▸ **Work instructions**
Your response should contain every line from the data below that holds the string "This".

▸ **Dataset extract**
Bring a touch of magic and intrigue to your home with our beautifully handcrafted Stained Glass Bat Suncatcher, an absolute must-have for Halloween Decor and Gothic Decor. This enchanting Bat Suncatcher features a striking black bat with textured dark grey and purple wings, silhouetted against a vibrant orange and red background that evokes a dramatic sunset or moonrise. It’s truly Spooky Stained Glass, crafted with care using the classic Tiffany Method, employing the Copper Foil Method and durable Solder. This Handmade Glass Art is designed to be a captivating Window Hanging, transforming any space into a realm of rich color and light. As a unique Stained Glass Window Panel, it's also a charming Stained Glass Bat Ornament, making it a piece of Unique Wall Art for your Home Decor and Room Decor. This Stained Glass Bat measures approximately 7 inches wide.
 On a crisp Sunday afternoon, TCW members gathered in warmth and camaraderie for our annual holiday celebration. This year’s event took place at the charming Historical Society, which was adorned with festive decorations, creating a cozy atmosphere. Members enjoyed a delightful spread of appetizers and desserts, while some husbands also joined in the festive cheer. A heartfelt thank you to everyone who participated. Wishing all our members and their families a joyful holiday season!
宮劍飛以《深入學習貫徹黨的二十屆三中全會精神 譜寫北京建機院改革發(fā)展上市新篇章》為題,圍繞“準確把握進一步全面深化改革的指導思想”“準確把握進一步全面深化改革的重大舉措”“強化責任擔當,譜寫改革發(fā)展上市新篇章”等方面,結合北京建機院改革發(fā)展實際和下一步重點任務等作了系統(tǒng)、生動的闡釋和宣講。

▸ **Exercise output**
Bring a touch of magic and intrigue to your home with our beautifully handcrafted Stained Glass Bat Suncatcher, an absolute must-have for Halloween Decor and Gothic Decor. This enchanting Bat Suncatcher features a striking black bat with textured dark grey and purple wings, silhouetted against a vibrant orange and red background that evokes a dramatic sunset or moonrise. It’s truly Spooky Stained Glass, crafted with care using the classic Tiffany Method, employing the Copper Foil Method and durable Solder. This Handmade Glass Art is designed to be a captivating Window Hanging, transforming any space into a realm of rich color and light. As a unique Stained Glass Window Panel, it's also a charming Stained Glass Bat Ornament, making it a piece of Unique Wall Art for your Home Decor and Room Decor. This Stained Glass Bat measures approximately 7 inches wide.
 On a crisp Sunday afternoon, TCW members gathered in warmth and camaraderie for our annual holiday celebration. This year’s event took place at the charming Historical Society, which was adorned with festive decorations, creating a cozy atmosphere. Members enjoyed a delightful spread of appetizers and desserts, while some husbands also joined in the festive cheer. A heartfelt thank you to everyone who participated. Wishing all our members and their families a joyful holiday season!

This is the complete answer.